Jimmy Torrance

Personal information
- Date of birth: 28 July 1889
- Place of birth: Coatbridge, Scotland
- Date of death: 2 July 1949 (aged 59)
- Height: 5 ft 9+1⁄2 in (1.77 m)
- Position: Forward

Senior career*
- Years: Team / Apps / (Gls)
- Ashfield
- 1910–1926: Fulham / 335 / (35)
- 1926–1927: Walsall / 40
- Total:  / 375 / (35)

Managerial career
- 1927–1928: Walsall

= Jimmy Torrance =

Scottish footballer and manager

James Torrance (28 July 1889 – 2 July 1949) was a Scottish footballer and football manager. He played as a utility forward for Fulham for sixteen years, and also spent two seasons at Walsall, including one season as manager.

==Career==
Joining Fulham from Ashfield in 1910, he spent 16 years at the club, making a total of 355 league appearances, scoring 35 goals. A utility forward, he played in four different attacking positions for the "Cottagers". For almost the entirety of his time at Craven Cottage, the club were in the Second Division and led by Phil Kelso. Andy Ducat was in charge from 1924 to 1926.

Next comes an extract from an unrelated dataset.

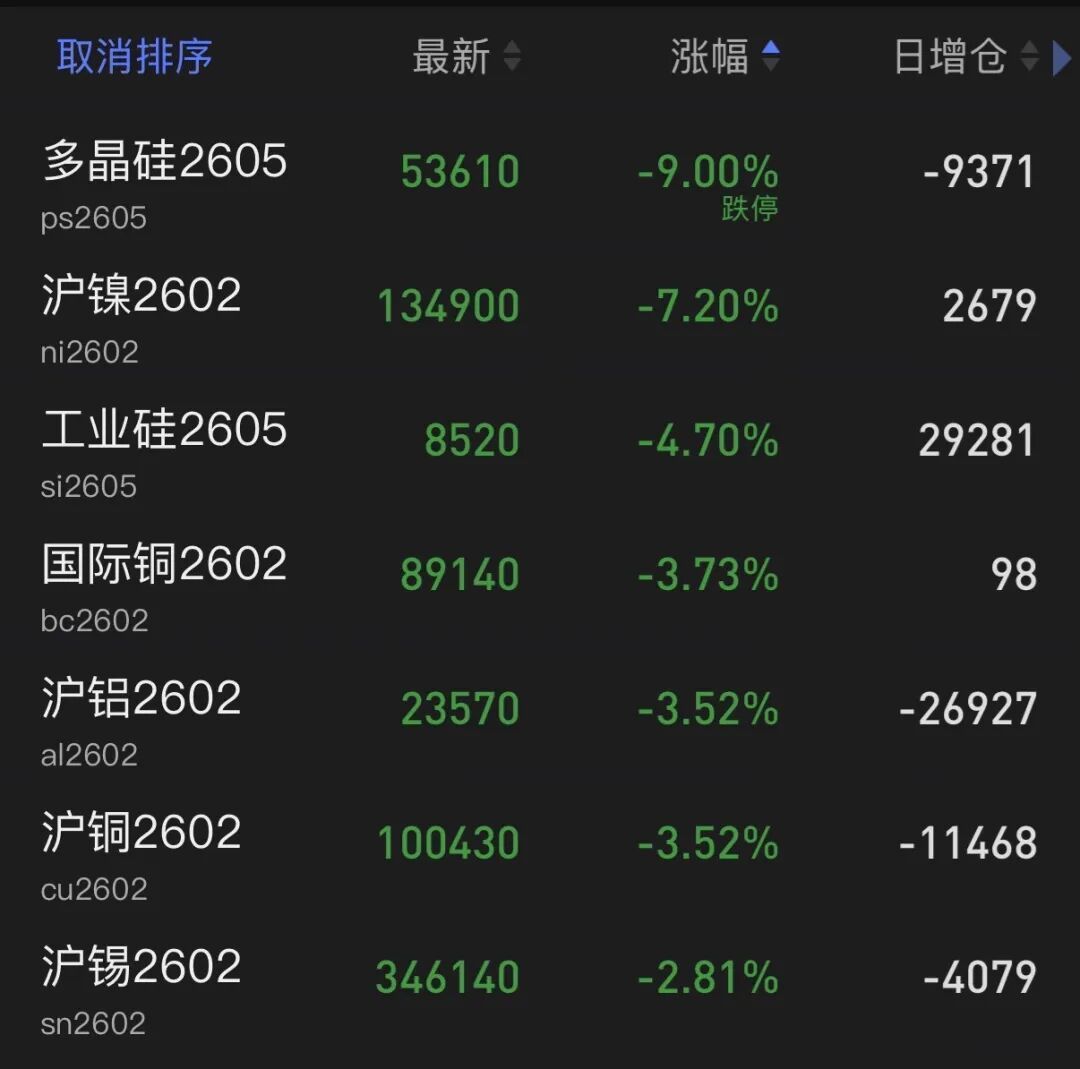 国内期货市场上,多晶硅主力合约遭遇跌停。沪镍主力合约跌幅超7%,工业硅跌幅超4%,沪铝、沪铜、沪锡等其他金属品种也纷纷出现大幅下跌。
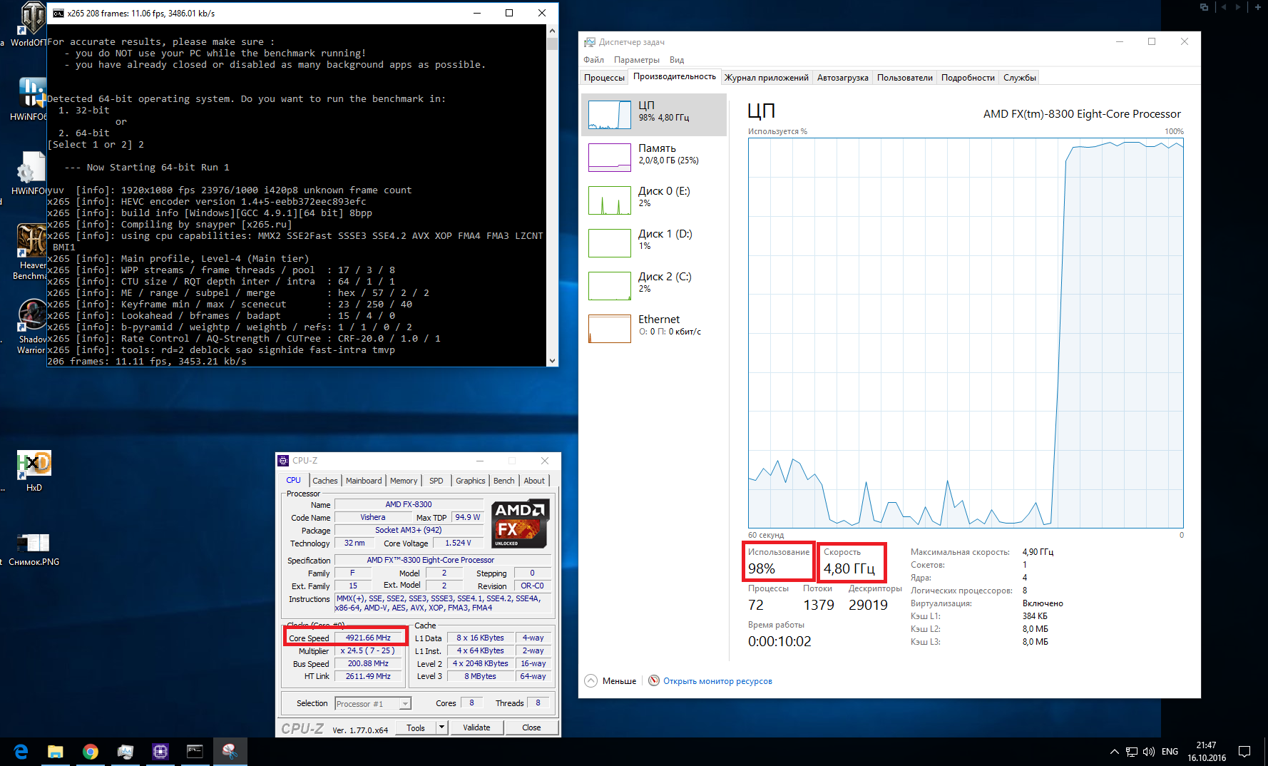 Ну правильно дутый линпак на 4800, поэтому х265 лишь на тех же 4800 и со скрежетом пройден. А был бы линпак не дутый, он бы и 4900-5000 пробежал в х265.

He moved to Walsall in July 1926, and replaced David Ashworth as manager for the 1927–28 campaign. He masterminded a 7–0 win over Coventry City in the Third Division South, and signed David Fairhurst and Moses Lane. Torrance played forty league and cup games for "Saddlers", but the club only avoided applying for re-election by two points, and he left Fellows Park at the end of the season.

== Personal life ==
Torrance worked as a ships' boilermaker in Scotland during the First World War. He later worked for a telephone company and died of cancer in July 1949.